• [EXERCISE REQUIREMENTS] In your copy, the records appear word for word and the pictures do not appear at all.

• [Data items]
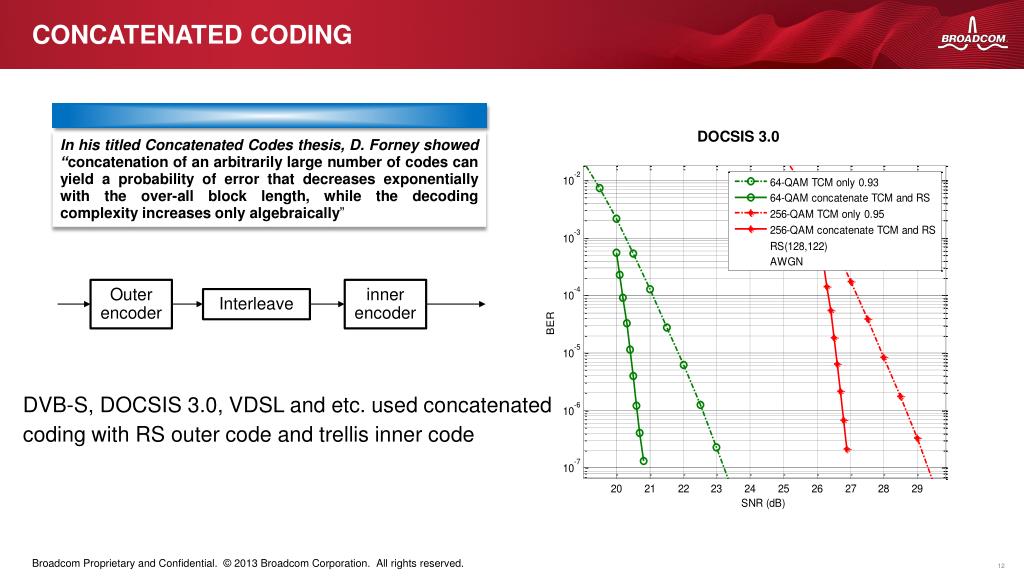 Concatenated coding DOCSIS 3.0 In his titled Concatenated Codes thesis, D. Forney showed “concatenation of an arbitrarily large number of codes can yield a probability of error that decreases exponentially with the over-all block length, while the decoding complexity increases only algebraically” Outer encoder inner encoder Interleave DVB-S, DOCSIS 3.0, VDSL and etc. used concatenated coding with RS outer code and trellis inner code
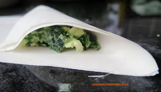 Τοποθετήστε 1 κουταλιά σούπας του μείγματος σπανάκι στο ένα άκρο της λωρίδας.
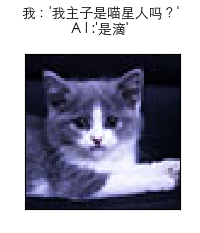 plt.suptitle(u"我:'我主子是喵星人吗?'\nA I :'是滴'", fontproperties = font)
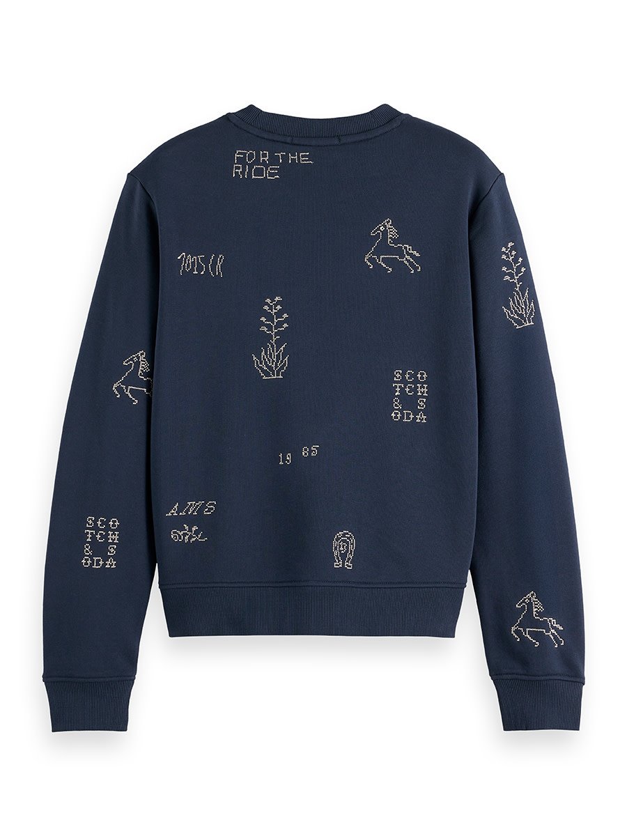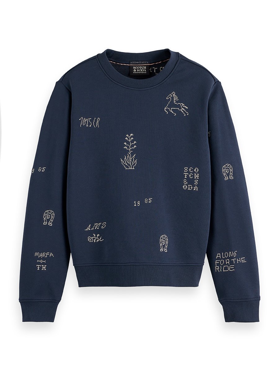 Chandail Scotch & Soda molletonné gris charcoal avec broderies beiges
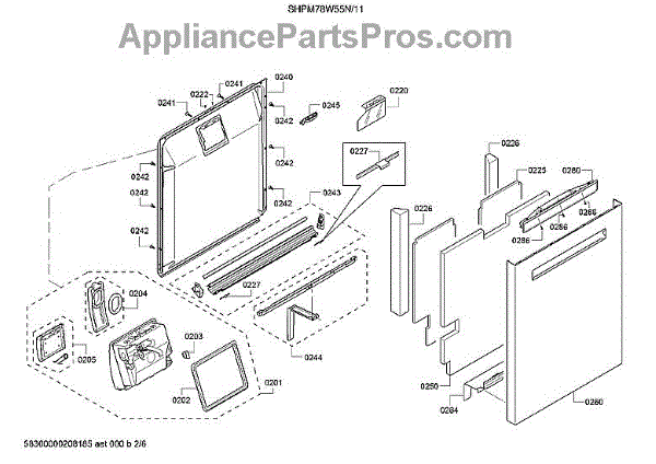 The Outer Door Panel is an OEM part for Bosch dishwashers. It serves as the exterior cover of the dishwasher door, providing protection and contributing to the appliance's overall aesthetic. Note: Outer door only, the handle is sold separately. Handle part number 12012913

• [EXERCISE ANSWER]
 Concatenated coding DOCSIS 3.0 In his titled Concatenated Codes thesis, D. Forney showed “concatenation of an arbitrarily large number of codes can yield a probability of error that decreases exponentially with the over-all block length, while the decoding complexity increases only algebraically” Outer encoder inner encoder Interleave DVB-S, DOCSIS 3.0, VDSL and etc. used concatenated coding with RS outer code and trellis inner code
 Τοποθετήστε 1 κουταλιά σούπας του μείγματος σπανάκι στο ένα άκρο της λωρίδας.
 plt.suptitle(u"我:'我主子是喵星人吗?'\nA I :'是滴'", fontproperties = font)
 Chandail Scotch & Soda molletonné gris charcoal avec broderies beiges
 The Outer Door Panel is an OEM part for Bosch dishwashers. It serves as the exterior cover of the dishwasher door, providing protection and contributing to the appliance's overall aesthetic. Note: Outer door only, the handle is sold separately. Handle part number 12012913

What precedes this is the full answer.